* Exercise instructions *
For this exercise, output exactly the lines from the opening line of the listing through the line with "MARO日本进口MARO17胶原蛋白洗发水男士无硅油去屑清爽控油蓬松显发量 温和版350ml 改善毛躁(绿色)", skipping pictures.

* Source material *
- - - -
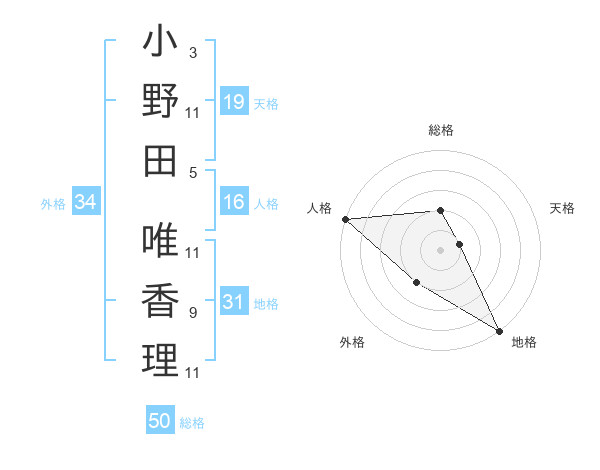 小野田 唯香理さんを姓名の画数から五運を鑑定
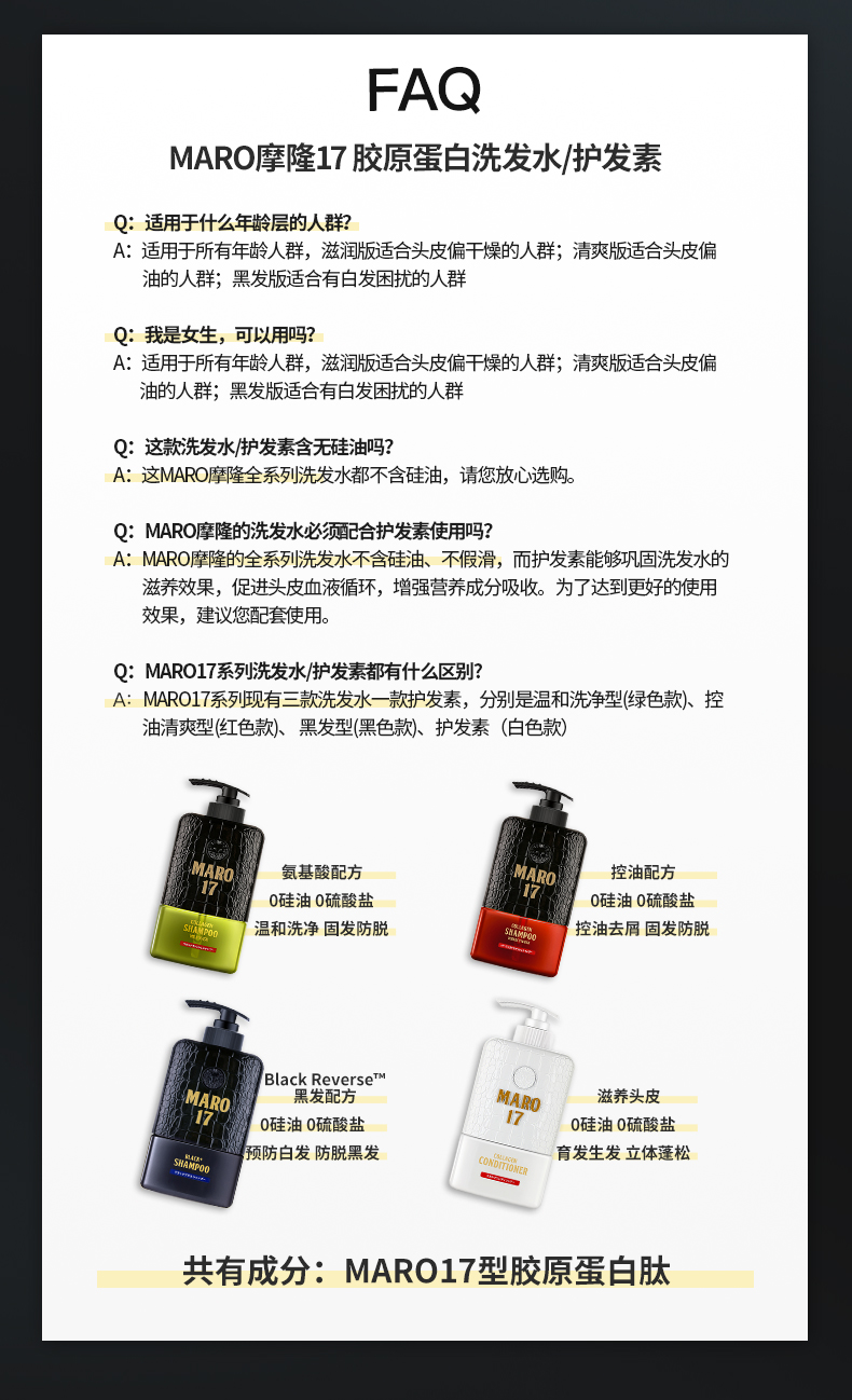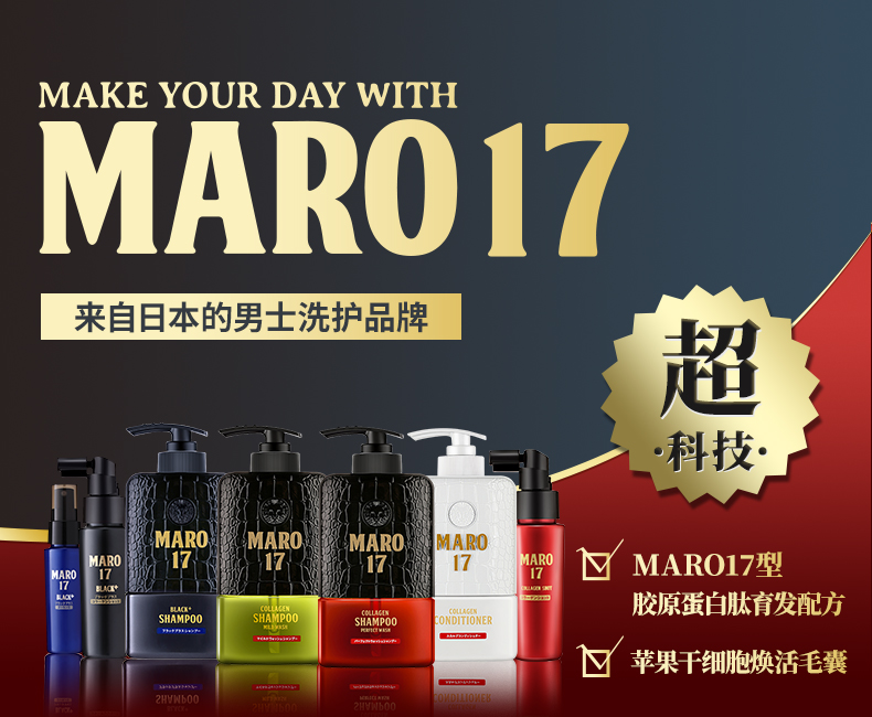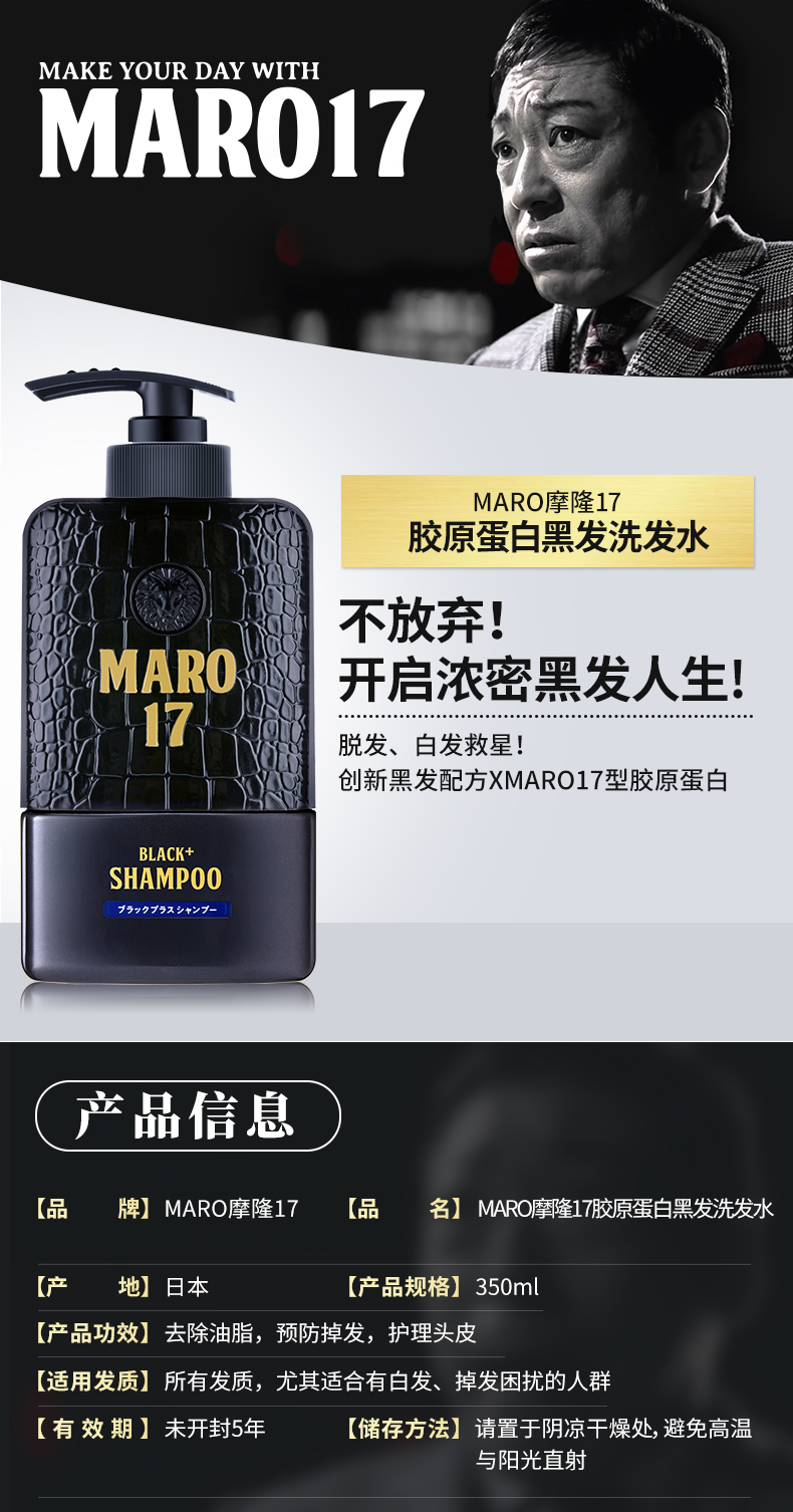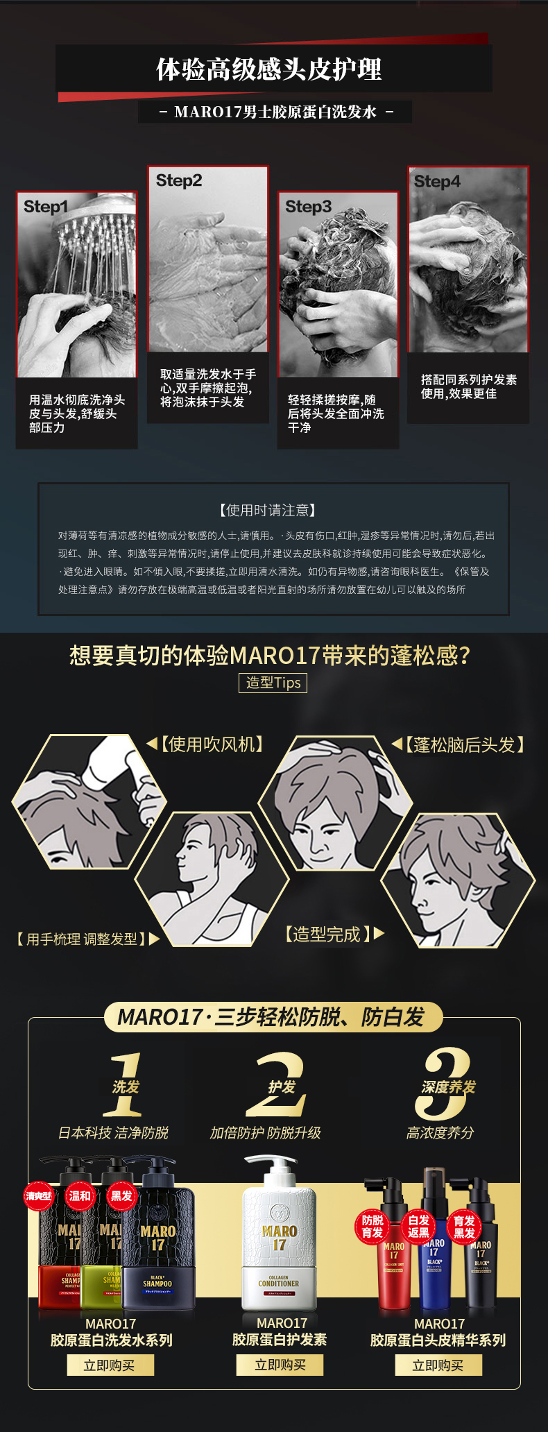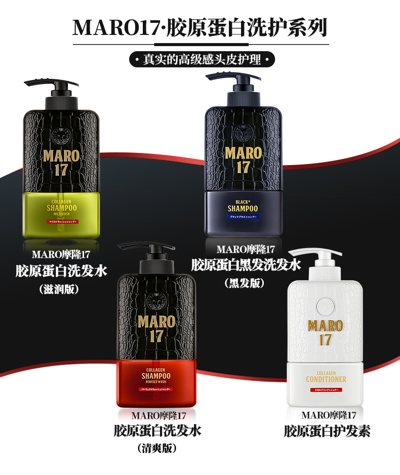 MARO日本进口MARO17胶原蛋白洗发水男士无硅油去屑清爽控油蓬松显发量 温和版350ml 改善毛躁(绿色)
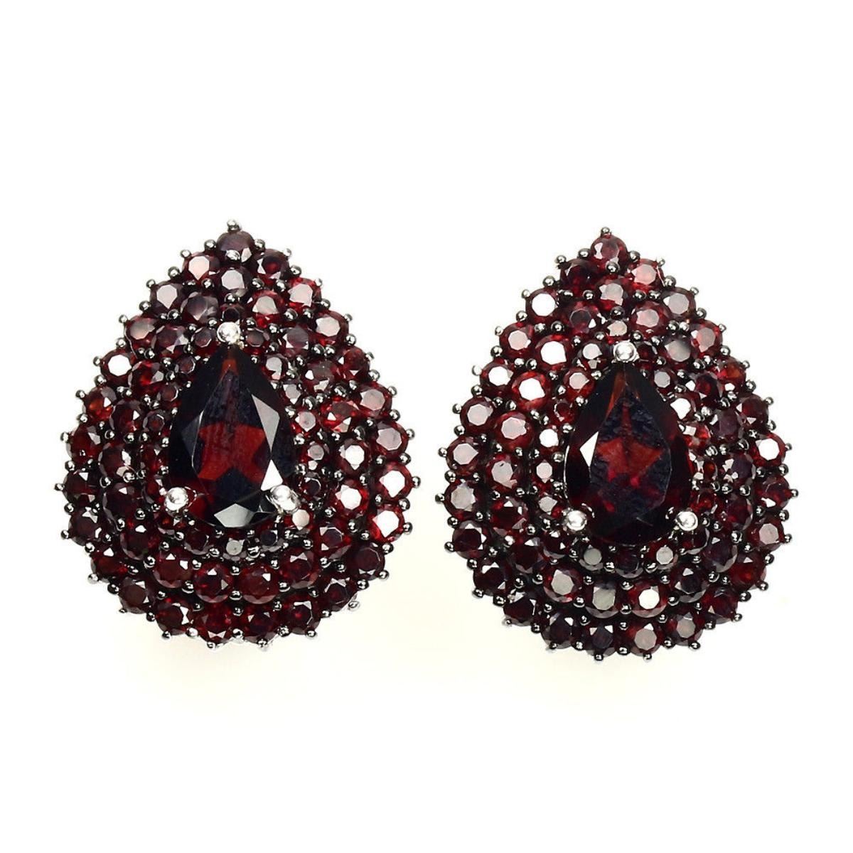925 STERLING SILVER ..... 2-TONE BLACK RHODIUM WHITE 14K GOLD Plated; MAIN STONE MOZAMBIQUE GARNET OTHER GEMS TOTAL WEIGHT 49.27 CT (TOTAL WEIGHT OF SILVER + STONE) DIMENSION * STONE 1.5 TO 9.0 X 6.0 MM. * FACE EARRINGS 22.0 X 18.0 MM. MAIN STONE SHAPE PEAR CUT MAIN STONE COLOR TOP BLACK RED CLARITY/GRADE IF TO VVS LUSTER EXQUISITE TREATMENT UNHEATED ORIGIN AFRICA HARDNESS 7.0 - 7.5
- - - -
* Task answer *
 小野田 唯香理さんを姓名の画数から五運を鑑定
 MARO日本进口MARO17胶原蛋白洗发水男士无硅油去屑清爽控油蓬松显发量 温和版350ml 改善毛躁(绿色)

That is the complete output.